Commodities Corner: What analysts think of the $60 price cap on Russia oil

by | Dec 2, 2022 | Stock Market

The Group of Seven nations and Australia, along with the European Union, on Friday set a cap on Russian seaborne oil at $60 a barrel, but analysts already have begun to question its effectiveness. The price cap will have “relatively little impact,” given that $60 is close to what Russia receives from China and India, said James Williams, energy economist at WTRG Economics.

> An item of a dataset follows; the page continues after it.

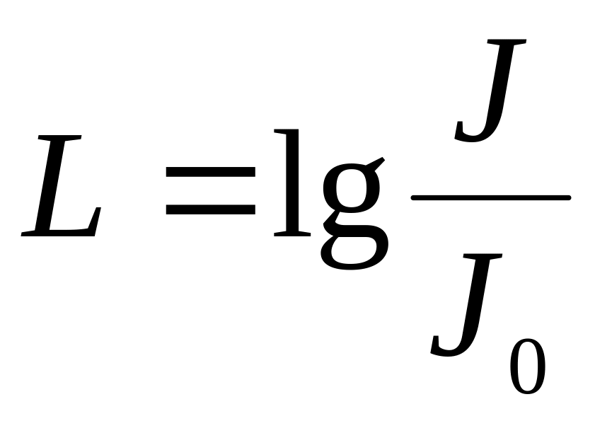 Если интенсивность звука J больше исходной в 10 раз, т. е. J/J0 =10, то принято считать, что интенсивность звука J превышает исходную на 1Б (бел); при J/J0 = 100 превышает на 2 Б и т. д., т. е. уровень интенсивности звука можно определять по формуле:

Read The Wall Street Journal: EU Backs Russian Oil Price Cap of $60 a Barrel Global benchmark Brent crude saw its front-month February contract

settled Friday at $85.57 on ICE Futures Europe. Russian Urals type oil, however, currently trades at a discount of $24 a barrel to Brent, according to Pavel Molchanov, an analyst at Raymond James. The EU reached an agreement on the $60 price cap Friday, and the G7 and Australia then agreed to adopt the cap. Before the Russia-Ukraine war, the discount was only $1 to $2 a barrel, but it peaked at $35 this past summer, Molchanov told MarketWatch. That shows that in “wartime conditions, Russian producers are able to export [oil] only by offering cut-rate pricing to buyers,” he said. The current discount between Russian Urals and Brent reflects a combination of legal and sanctions “headaches,” reputational risk of doing business in Russian, and it also means that the price cap is “equivalent to Brent in the mid-$80s” — on par with current spot pricing, says Molchanov. Ursula von der Leyen, president of the European Union Commission, said in a video tweeted on Friday that the cap aims to strengthen the effect of EU sanctions, further diminish Russia’s revenues, and stabilize global energy markets because it “allows some Russian seaborne oil to be traded, brokered, transported by EU operators to third cou …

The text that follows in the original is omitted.